Незачем пока сообщать Чезаре, думал Александр, что Джованни возвращается домой, чтобы возглавить кампанию против Орсини, которых следовало наказать за их выжидание конца войны с французами без какого-либо сопротивления врагам. Пока еще рано говорить, что, когда Джованни приедет, он примет командование папскими вооруженными силами. Чезаре узнает об этом, но позже.
— Когда он приедет, — сказал папа, — мы должны вызвать Лукрецию. Я жду того дня, когда смогу посадить всех любимых детей за свой стол и насладиться этим зрелищем.
Чезаре по-прежнему молчал. Его пальцы судорожно теребили кардинальскую мантию. Он не видел площадь за окном, не замечал присутствия Александра, стоящего рядом с ним. Единственное, о чем он мог думать — это о Джованни: тот, которому он завидовал и которого ненавидел, возвращался домой.
Римский карнавал
Братья встретились.
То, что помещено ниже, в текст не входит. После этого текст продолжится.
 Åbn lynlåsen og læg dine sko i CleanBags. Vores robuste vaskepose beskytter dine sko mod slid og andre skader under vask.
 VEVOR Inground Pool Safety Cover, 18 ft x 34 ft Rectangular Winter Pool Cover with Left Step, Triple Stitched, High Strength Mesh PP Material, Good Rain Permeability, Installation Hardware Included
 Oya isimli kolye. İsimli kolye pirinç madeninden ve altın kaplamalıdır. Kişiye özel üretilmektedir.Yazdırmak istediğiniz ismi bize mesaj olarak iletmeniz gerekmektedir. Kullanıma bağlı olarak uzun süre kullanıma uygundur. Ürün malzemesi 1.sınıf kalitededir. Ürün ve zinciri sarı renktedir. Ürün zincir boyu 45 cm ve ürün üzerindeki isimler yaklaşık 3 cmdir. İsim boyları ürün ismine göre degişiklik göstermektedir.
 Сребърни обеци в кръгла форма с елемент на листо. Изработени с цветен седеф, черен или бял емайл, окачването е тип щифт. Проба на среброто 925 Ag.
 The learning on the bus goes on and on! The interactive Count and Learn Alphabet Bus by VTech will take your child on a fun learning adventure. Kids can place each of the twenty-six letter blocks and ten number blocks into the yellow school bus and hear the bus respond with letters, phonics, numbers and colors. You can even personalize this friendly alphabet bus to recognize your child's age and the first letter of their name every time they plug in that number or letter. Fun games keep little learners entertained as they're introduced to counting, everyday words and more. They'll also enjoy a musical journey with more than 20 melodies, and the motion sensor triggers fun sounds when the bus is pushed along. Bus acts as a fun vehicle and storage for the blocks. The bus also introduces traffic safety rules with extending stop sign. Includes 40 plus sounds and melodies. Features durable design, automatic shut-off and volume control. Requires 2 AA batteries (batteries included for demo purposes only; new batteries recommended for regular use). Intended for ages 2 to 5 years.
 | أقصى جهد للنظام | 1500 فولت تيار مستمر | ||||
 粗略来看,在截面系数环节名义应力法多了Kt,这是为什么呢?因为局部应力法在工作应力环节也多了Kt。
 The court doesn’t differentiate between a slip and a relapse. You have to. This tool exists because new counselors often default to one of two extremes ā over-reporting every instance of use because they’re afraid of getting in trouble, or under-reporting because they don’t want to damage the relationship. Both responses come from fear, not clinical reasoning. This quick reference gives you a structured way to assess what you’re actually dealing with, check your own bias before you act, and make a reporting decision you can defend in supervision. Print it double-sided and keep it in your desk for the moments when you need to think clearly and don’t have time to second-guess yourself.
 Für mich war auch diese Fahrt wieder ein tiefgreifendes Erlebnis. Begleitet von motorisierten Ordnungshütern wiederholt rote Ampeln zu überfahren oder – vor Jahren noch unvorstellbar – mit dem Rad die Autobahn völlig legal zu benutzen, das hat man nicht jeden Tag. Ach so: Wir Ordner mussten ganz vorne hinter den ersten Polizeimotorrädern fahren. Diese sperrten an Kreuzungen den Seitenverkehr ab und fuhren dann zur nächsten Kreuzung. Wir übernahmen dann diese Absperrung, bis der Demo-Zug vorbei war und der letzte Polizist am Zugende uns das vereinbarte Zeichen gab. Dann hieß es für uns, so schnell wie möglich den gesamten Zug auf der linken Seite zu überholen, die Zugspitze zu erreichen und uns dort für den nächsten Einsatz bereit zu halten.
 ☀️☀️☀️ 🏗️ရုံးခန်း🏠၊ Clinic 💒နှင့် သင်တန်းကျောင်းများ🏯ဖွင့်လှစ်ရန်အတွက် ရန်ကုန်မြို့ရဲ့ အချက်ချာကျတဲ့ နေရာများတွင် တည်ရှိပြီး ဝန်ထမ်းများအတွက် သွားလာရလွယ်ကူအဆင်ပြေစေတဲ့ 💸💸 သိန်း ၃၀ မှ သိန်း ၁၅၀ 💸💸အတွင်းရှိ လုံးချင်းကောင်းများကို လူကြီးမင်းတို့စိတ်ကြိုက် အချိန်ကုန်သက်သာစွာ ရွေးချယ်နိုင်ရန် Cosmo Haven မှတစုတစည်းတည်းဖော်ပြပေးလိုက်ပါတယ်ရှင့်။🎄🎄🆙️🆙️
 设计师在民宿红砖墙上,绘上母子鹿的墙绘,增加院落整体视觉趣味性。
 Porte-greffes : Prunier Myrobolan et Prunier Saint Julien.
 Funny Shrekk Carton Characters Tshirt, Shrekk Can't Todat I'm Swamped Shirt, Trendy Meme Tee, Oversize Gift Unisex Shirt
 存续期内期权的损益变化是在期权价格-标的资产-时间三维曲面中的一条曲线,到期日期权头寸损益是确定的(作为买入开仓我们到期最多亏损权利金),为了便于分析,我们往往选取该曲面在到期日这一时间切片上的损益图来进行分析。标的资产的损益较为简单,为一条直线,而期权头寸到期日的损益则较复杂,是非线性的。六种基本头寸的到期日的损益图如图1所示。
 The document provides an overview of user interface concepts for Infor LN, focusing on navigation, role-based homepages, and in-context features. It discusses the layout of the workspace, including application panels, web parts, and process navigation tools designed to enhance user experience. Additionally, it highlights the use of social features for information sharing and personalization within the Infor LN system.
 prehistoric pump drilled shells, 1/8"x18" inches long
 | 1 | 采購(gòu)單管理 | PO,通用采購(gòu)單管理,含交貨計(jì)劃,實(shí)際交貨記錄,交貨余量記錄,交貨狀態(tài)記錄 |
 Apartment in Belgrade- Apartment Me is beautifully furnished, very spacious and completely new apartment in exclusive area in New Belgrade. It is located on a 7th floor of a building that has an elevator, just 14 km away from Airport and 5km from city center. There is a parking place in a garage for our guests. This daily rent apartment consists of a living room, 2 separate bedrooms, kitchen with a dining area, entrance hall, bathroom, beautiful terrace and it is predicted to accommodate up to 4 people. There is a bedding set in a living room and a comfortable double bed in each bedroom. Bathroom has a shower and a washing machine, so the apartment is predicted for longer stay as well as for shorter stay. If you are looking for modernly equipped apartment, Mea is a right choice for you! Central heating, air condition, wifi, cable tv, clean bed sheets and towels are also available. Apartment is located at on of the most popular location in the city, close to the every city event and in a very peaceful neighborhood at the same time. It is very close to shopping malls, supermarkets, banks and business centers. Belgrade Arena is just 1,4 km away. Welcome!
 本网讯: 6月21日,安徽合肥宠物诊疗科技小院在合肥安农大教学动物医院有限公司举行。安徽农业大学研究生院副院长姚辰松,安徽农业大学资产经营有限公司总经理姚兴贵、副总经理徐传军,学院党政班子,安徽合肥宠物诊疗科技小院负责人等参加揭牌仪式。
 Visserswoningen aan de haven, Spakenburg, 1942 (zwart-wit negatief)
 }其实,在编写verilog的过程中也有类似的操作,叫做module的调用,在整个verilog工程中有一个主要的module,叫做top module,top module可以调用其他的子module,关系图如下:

Чезаре, поскольку этого требовала традиция и на этом настаивал отец, ехал во главе процессии, состоявшей из кардиналов и разодетых членов их семейств, ехал, чтобы приветствовать своего брата, которого он ненавидел больше всех на свете.
Они посмотрели друг другу в лицо. Джованни немного изменился с тех пор, как уехал в Испанию. Он стал более высокомерным, более шикарным, жесткие складки вокруг рта стали глубже. Рассеянный образ жизни оставил свой отпечаток, но он по-прежнему был очень красив. На нем был костюм, подобного которому Чезаре никогда не видел. Его плащ был украшен жемчугом, а на камзоле того же светло-коричневого тона переливались всеми цветами радуги драгоценные камни. Даже лошадь и та выглядела великолепно в попоне, расшитой золотом и с серебряными колокольчиками. Джованни просто ослепил жителей Рима своим великолепием, въезжая с братом и свитой в город.
Когда братья направлялись бок о бок ко дворцу, который должен был стать домом Джованни, младший брат не удержался и с тайной усмешкой взглянул на Чезаре, стараясь дать ему понять, что прекрасно помнит об их вражде и что теперь он — великий герцог, имеющий сына и ожидающий еще одного ребенка, что он прибыл домой по просьбе их отца, чтобы стать во главе папских армий, и тут же сам понял, что зависть Чезаре ничуть не стала слабее.
Папа не смог сдержать своей радости, увидев любимого сына.
Он обнял его и заплакал. Чезаре стоял в стороне, сжимая кулаки и зубы, и задавал себе вопрос: почему же так происходит, почему у него есть все, чего лишен я?
Александр, взглянув на Чезаре, понял его чувства и догадался, что тот испытает еще более сильную ярость, когда в полной мере осознает, какая слава ожидает брата. Он протянул руку к Чезаре и нежно проговорил:
— Дорогие мои! Как редко мне теперь удается видеть вас обоих вместе!